(1.) Heart of the question is whether in determining the extent of the total holdings under the Maharashtra Agricultural Lands (Ceiling on Holdings) Act, 1961 ("the Act" for short), the consideration of the requirement of making provision for the expenses for marriage and/or maintenance of unmarried major daughter in a general partition in a Hindu family has any place.
(2.) Petitioner 1 Bhagwandas Heda's Joint family consists of his wife Smt. Kamlabai (petitioner 2). three minor sons: Amritlal (petitioner 3), Tarachand (petitioner 4) and HemantKumar, two minor unmarried daughter : Premalatha and Hemalata and a major unmarried daughter Kiran. Bhagwandas as the held of the family filed a return of total holdings as required under Section 12 of the Act. On making enquiry, the SLDT found 34.24 acres as surplus. In appeal the MRT maintained this order. Being aggrieved, the present petition under Article 226 of the constitution has been filed.

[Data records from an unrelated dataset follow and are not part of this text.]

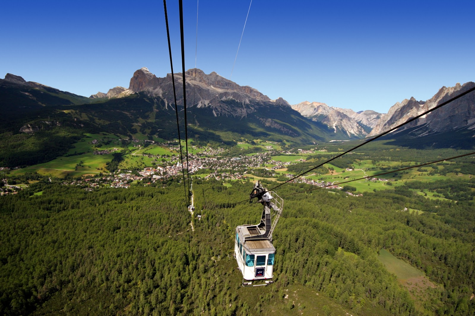 In totale, la funivia supera 900 m di dislivello e si sviluppa, già dalla sua costruzione nel 1939, attraverso 3 stazioni: quella inferiore a Cortina, nei pressi della stazione degli autobus (metri 1.230 s.l.m.), quella intermedia in località Mandres (m 1.500 s.m.) e una stazione a monte, raggiunta con un’unica successiva campata, superando un dislivello di 646 metri che, con uno slancio rapidissimo ed emozionante, approda al rifugio Faloria. Proprio quest’ultimo tratto della salita, che prevede il transito della vettura a pochi metri dalla roccia, correndo parallela alla montagna, regala ai passeggeri una spettacolare vista sulle Dolomiti che difficilmente potrebbe essere catturata altrimenti.
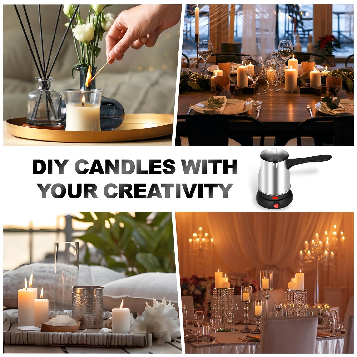 Candle Making Kit with Wax Melter,Electric Candle Wax Melter for Candle Making, Stainless Steel Wax Melting Pot, 52IN Power Cord,Candle Making Supplies
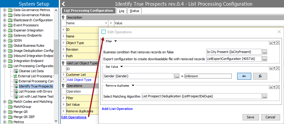2. On the Edit Operations dialog click the 'Add List Operation' link.

(3.) Two points were originally raised in this petition. One relates to the extent of Pot-kharab land. According to the petitioner. 9.30 acres (and not merely 4019 acres as held by the Authorities) is the extent of Pot-kharab land. The areas covered by drainage work. embankment, etc. which are maintained for the purposes of agriculture were not excluded by the Authorities as they fall within the definition of the term "land" under Section 2 (16) of the Act. It seems to me that the finding recorded is correct. My attention was invited to the statement of patwari examined on behalf of the State to the effect that one Nala exists in field survey 2/1 of mouza Esapur. It is contended that at least the area of the Nala should have been excluded. There is no material on record about the nature and extent of the Nala. Even in the writ petition these details are missing. Hence this contention also cannot be accepted. The other point relates to the difference of two acres out of this very field initially measuring 15.21 acres. Area of 10 acres out of this was sold in the year 1971 to Abdul Rahim (respondent 3). The authorities did not accept the case that though in the sale deed only 10 acres is mentioned, the purchaser wrongly took possession of 12 acres. No valid reason is demonstrated before me to take a different view of the matter. Crop statement for the year 1970-71 (the correctness of which was not disputed in appeal) and the statement made by petitioner 1 indicates his physical possession over 5.21 acres. It is true that crop-statements for subsequent years and the oral testimony of the purchaser does indicate his physical possession over 12 acres. But that evidence has not been accepted. The finding is thus based on appreciation of evidence.